Una cita comúnmente atribuida a Charles Baudelaire reza así: “el mejor truco que el Diablo inventó jamás fue convencer al mundo de que no existía,” y es justo con esta cita que quisiera hacer esta semana algo diferente: retomar la reflexión de la semana pasada, que a mi gusto ha quedado inconclusa y que bien amerita una continuación.
Me permito cuestionar al por demás ilustre poeta y preguntarme: ¿acaso a este Diablo le conviene que se crea en su existencia? ¿O, como otras figuras siniestras y picarescas de nuestro folclor (pensemos en el Loki de los nórdicos, el Maui de los Polinesios o a la insidiosa Eris de los griegos), necesita existir en nuestra mente para hacer de las suyas?
Una miniserie poco conocida, transmitida por la NBC en 1998, el actor australiano Sam Neill da vida al mítico mago Merlín, en una producción del mismo nombre, y nos retrata una Inglaterra en la Alta Edad Media, donde pequeños reyezuelos pelean por el control de la isla, mientras que el avance del Cristianismo amenaza con hacer que los viejos dioses paganos caigan en el olvido.
Pero el punto interesante yace justo ahí: los dioses existen e interactúan con los mortales, pero sus poderes van disminuyendo día con día conforme pierden adeptos, hasta que, al final, son olvidados y desaparecen de la faz de la tierra, como si jamás hubiesen existido.
El debate sobre la realidad es tan viejo como la historia del pensamiento.

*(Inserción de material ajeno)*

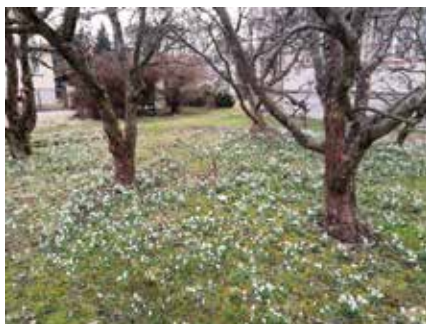
B. Krejsa – čp. 80 Poříčí

Už je tu jaro - sněženky, bledule a ladoňky na verměřovických zahradách.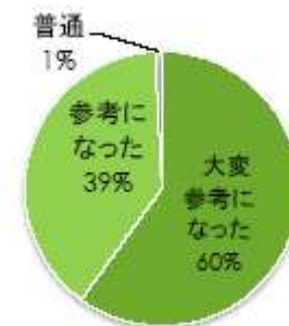
2013年面接官トレーニングアンケート結果

Los defensores de Platón -para quienes la realidad existía, como entidad independiente, en el mundo de las ideas- debatían incansablemente con los de su discípulo Aristóteles -para quien no había conocimiento ni realidad fuera de la experiencia sensible-.

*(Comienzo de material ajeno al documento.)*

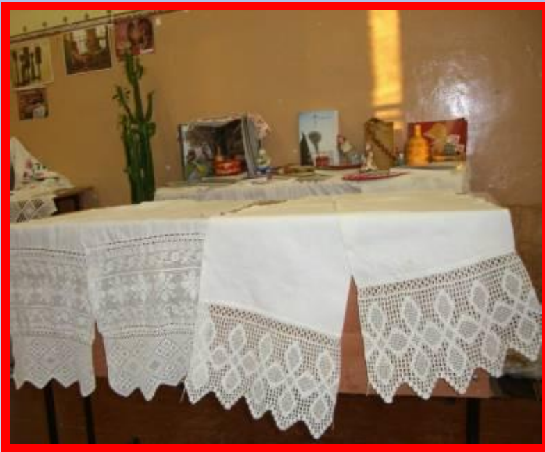
Фото из этнографического уголка кабинета русского языка и литературы МОУ «СОШ №23»

El debate persistió durante el Medioevo, alcanzando su apogeo en el Renacimiento, cuando los racionalistas como Descartes, quienes confiaban en la posibilidad de alcanzar un entendimiento de la realidad objetiva a través de la lógica y la razón, se enfrentaron a la resistencia de empiristas como Hume, para quienes nada existía más allá de nuestras percepciones: no hay realidad objetiva, o si la hay no podremos conocerla. Lo único que tenemos es nuestro cúmulo de experiencias, todas ellas subjetivas.
Un ejercicio de pensamiento que ilustra perfectamente este debate es la pregunta de, si un árbol cae en medio del bosque, sin que nadie pueda oírlo, ¿emite un sonido?

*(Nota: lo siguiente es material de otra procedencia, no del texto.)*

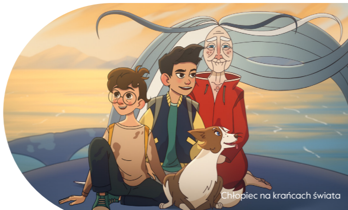
Chłopiec na krańcach świata

Para los racionalistas, la respuesta es clara: el sonido existe, como realidad, independientemente de la apreciación de tal o cual criatura. Pero para los empiristas, el sonido no es sino el resultado de la vibración de nuestros tímpanos, y la interpretación que a ello le damos. Sin oído que lo escuche, no hay sonido: no pertenece al mundo de la realidad.
Sé que lo más sensato para muchos de ustedes, apreciables lectores, sería adoptar la primera postura. Pero en tiempos recientes me comienzo a inclinar más por la segunda. ¿Qué clase de “realidad” es, a fin de cuentas, una que jamás incide en nuestras vidas, con la que nunca interactuamos, que nunca podemos percibir? ¿Cómo concebir la existencia de algo cuando ni siquiera podemos nombrarlo? Si en verdad el Diablo nos engaña, nos convence de que nunca existió, y jamás cruzamos caminos con él, ¿qué significa su existencia más allá de un sueño pasajero?
La semana pasada retomé la alegoría de Ermanno Vitale respecto de los jueces constitucionales como éforos contemporáneos. La idea de que unas cuantas mujeres y hombres, sin la espada ni la bolsa ni ningún poder real más que sus palabras, pudieran frenar los excesos de un poder totalmente real y perceptible, sin duda resulta fascinante. Pero hoy quiero añadir un nuevo matiz: ese poder, el de las palabras, sólo existe mientras haya quien lo escuche y crea en él. Sin esto, es sólo ruido, o quizá ni siquiera eso.
Cuando, en 1984, George Orwell acuñó el “neolenguaje” como un habla simplificada y embrutecida con la que el gobierno limitaba ya no la capacidad de hacer, sino la misma posibilidad de pensar de sus súbditos, entendió como pocos el poder de la palabra no sólo para describir, sino para crear nuestra realidad. Si, el día de mañana, olvidamos palabras como democracia, republicanismo, o Estado de derecho, si llega el día en que no exista mente humana en la que existan los conceptos, sufrirán la misma suerte que los dioses de Merlín, desvaneciéndose como si jamás hubiesen existido.